Luís Goes Pinheiro, o novo secretário de Estado da Modernização Administrativa, foi apanhado em escutas da Polícia Judiciária (PJ) no início de 2014, durante a investigação à corrupção nos vistos gold. O agora governante terá sido beneficiado no recrutamento de um concurso para vice-presidente do Instituto dos Registos e Notariado (IRN).
Apesar da “ajuda”, Goes Pinheiro não conseguiu ficar com o lugar e, pelo meio, precisou de receber “orientações” de um elemento do júri para melhorar a sua prestação nas entrevistas de seleção. Foi António Figueiredo, à época presidente do IRN e principal arguido do processo dos vistos gold – cujo desfecho está marcado para dezembro –, quem tentou ajudar o agora secretário de Estado, de quem era amigo. E fê–lo através de Maria Antónia Anes, então membro do júri da Comissão de Recrutamento e Seleção para a Administração Pública (CReSAP). Anes, também arguida nos vistos gold, era amiga de Figueiredo há já mais de dez anos e os dois concordaram, em conversas que a PJ intercetou, que Goes Pinheiro – que era secretário-geral da Câmara dos Solicitadores e se tinha candidatado a dois concursos para o IRN, um para vogal e outro para vice-presidente – seria a melhor escolha. Isto porque, lê-se na acusação do processo, António Figueiredo não “tinha muito interesse” em que os funcionários que à época ocupavam os dois lugares a concurso se mantivessem.

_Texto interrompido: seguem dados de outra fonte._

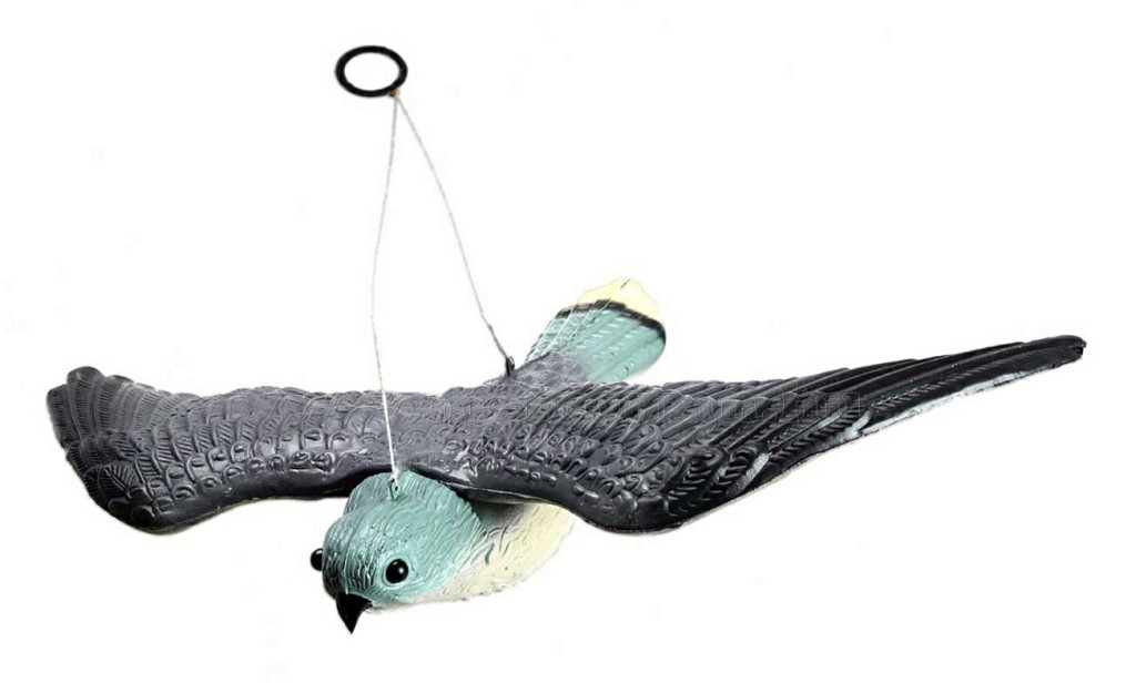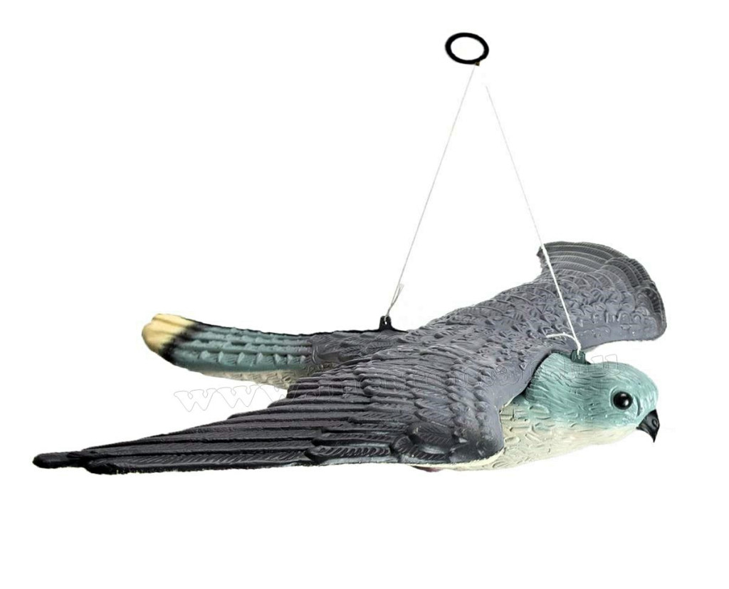 Élethűen kidolgozott madárriasztó műsólyom, melynek segítségével, hatékonyan elriaszthatja a kártevő madarakat a kertekből, gyümölcsösökből. Felakasztható kivitel, mely a repülő sólyom látszatát kelti. Könnyen áthelyezhető, ami ajánlott is időnként, hogy a seregélyek, galambok, egerek ne szokják meg jelenlétét. Tartós műanyagból készült ellenáll az időjárásnak, UV sugárzásnak.
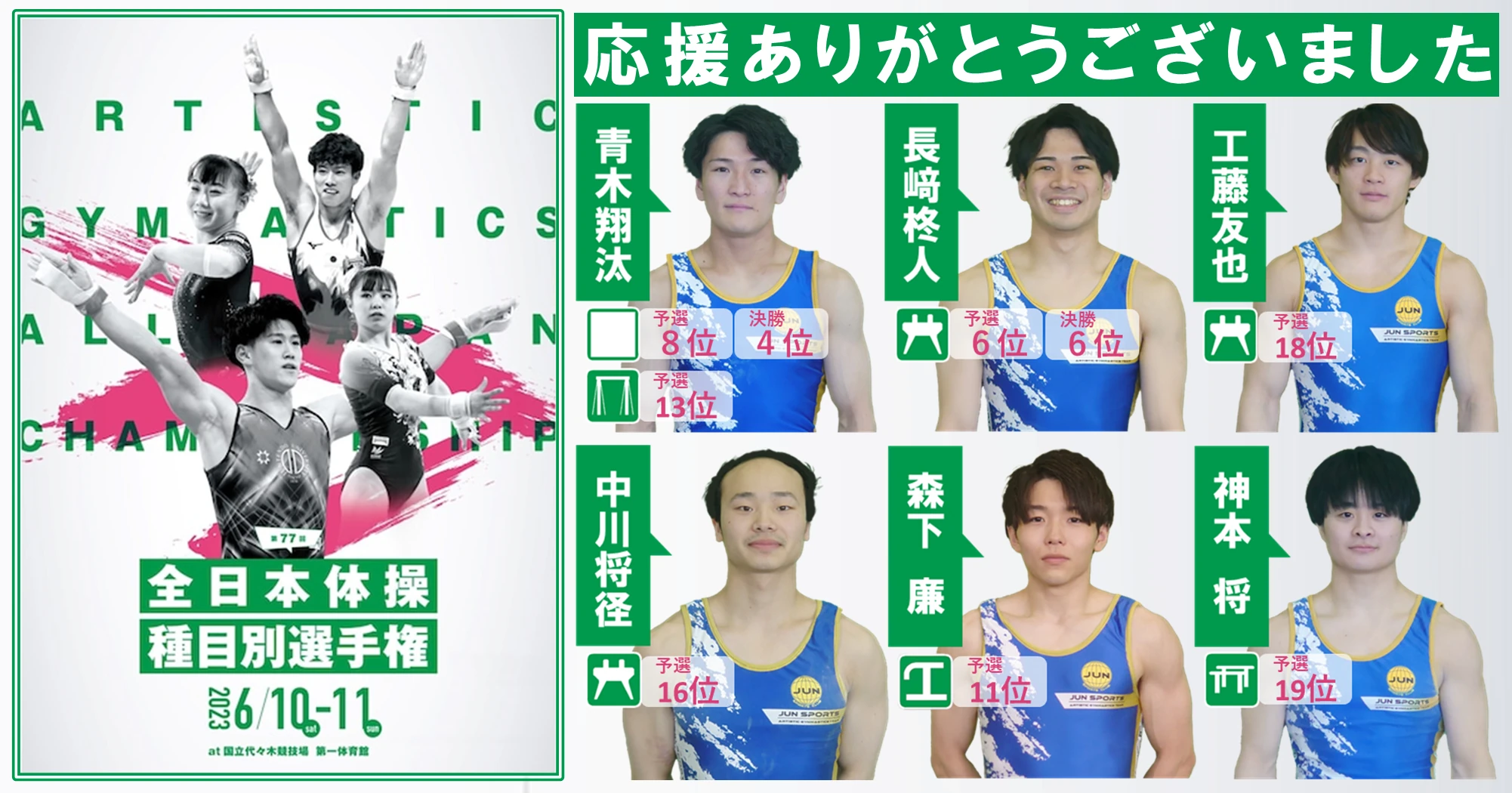 第77回全日本体操種目別選手権が、6月10日(土)-11日(日)国立代々木第一体育館で開催され、ジュンスポーツ北海道からは6名の選手が出場。青木(ゆか)、長﨑(あん馬)が10日に行われた予選を通過(上位8名)し2日目の決勝に進出。決勝では、青木がゆか4位。長﨑があん馬6位入賞を果たしました。

Numa conversa de 15 de janeiro de 2014, Maria Antónia Anes contactou Figueiredo para “obter a sua anuência à promoção e favorecimento da candidatura”. E o então presidente do IRN concordou, explicando que “estando Luís Goes conotado com o PS e estando o governo [de Passos, PSD] em fim de mandato”, a contratação se “revelava adequada”. Figueiredo admitiu ter “boa relação” com o agora secretário de Estado e Anes aproveitou para lhe confidenciar – segundo o Ministério Público, violando o “dever de sigilo” – que Goes Pinheiro se tinha candidatado a outro organismo público e “não estava bem colocado”, acrescentando que se soubesse que era amigo de Figueiredo “o tinha colocado melhor” nas provas.
Após esta conversa, o então presidente do IRN telefonou a Luís Goes para lhe dizer que tinha dado “uma indicaçãozinha” a seu favor junto de um elemento da CReSAP e que, por isso, poderia contar não com uma, mas com duas “cunhazitas” a seu favor nos concursos.
O agora secretário de Estado seria entrevistado três semanas mais tarde, a 7 de fevereiro de 2014, na CReSAP. Logo a seguir à entrevista, pelas 12h30, Maria Antónia Anes mandou uma mensagem a António Figueiredo, recomendando que o candidato, na entrevista que ocorreria ainda nessa tarde para o outro concurso, fosse “mais objetivo” e trouxesse “propostas concretas para o lugar a concurso”. Às 14h44 enviou outra mensagem, acrescentando que Goes Pinheiro tinha feito uma entrevista “pouco objetiva e de conversa de político”.
Depois de ler as mensagens, António Figueiredo telefonou ao agora secretário de Estado para lhe dar as “orientações”. E Goes Pinheiro ter-se-á portado melhor na segunda entrevista: Maria Antónia Anes contou a Figueiredo que o candidato tinha alterado o discurso e se tinha “saído muito bem”. A CReSAP acabaria por levar o nome de Goes Pinheiro à ministra da Justiça, juntamente com dois outros, como manda a lei. Mas Paula Teixeira da Cruz preferiu outro candidato: João Rodrigues, que já estava no cargo antes.
O i contactou o Ministério da Modernização Administrativa para obter uma reação do novo secretário de Estado, mas não obteve resposta.